Leave out the pictures and retype, exactly, the lines below from the line with "All’interno del terreno" up to and including the line with "在对数据库进行了简要介绍之后", nothing more.

__Records provided__:
Start of Block

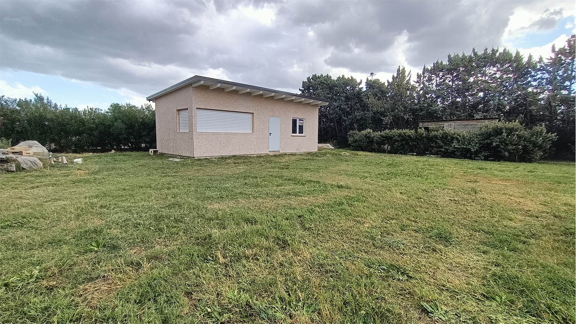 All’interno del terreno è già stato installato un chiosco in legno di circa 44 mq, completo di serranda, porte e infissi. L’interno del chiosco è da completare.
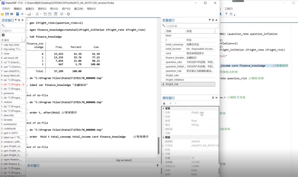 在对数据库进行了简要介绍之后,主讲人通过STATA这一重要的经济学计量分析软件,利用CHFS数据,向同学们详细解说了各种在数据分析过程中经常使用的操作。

End of Block
Start of Block

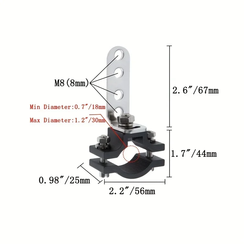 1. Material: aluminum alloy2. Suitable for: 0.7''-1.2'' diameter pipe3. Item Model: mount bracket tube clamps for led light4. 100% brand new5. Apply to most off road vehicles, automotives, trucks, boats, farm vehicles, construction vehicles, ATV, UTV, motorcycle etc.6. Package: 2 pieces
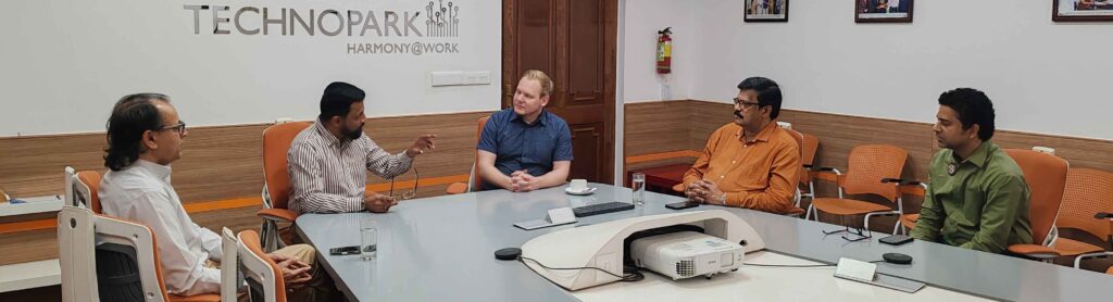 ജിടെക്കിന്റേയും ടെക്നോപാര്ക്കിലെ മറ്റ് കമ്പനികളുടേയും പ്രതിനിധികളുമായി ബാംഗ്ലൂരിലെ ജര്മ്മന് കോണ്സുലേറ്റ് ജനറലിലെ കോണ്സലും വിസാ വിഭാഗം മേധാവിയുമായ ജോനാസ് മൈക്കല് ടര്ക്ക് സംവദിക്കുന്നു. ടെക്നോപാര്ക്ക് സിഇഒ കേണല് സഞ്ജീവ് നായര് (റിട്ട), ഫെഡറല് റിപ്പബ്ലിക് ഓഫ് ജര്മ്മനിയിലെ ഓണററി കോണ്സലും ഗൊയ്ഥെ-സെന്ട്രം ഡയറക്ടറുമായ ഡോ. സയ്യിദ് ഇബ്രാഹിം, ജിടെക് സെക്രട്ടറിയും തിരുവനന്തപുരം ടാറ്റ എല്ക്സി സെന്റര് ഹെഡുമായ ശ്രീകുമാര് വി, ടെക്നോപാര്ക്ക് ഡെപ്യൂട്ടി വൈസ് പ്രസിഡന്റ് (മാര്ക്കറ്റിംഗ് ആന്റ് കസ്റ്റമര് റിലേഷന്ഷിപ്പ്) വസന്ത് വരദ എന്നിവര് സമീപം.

End of Block
Start of Block

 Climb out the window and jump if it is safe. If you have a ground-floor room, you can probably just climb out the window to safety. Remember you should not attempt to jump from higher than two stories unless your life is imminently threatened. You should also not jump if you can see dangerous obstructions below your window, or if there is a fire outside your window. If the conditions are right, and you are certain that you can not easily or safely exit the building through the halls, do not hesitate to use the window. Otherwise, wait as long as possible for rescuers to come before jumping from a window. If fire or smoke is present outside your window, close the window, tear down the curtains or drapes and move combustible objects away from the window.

End of Block

__Response area__:
 All’interno del terreno è già stato installato un chiosco in legno di circa 44 mq, completo di serranda, porte e infissi. L’interno del chiosco è da completare.
 在对数据库进行了简要介绍之后,主讲人通过STATA这一重要的经济学计量分析软件,利用CHFS数据,向同学们详细解说了各种在数据分析过程中经常使用的操作。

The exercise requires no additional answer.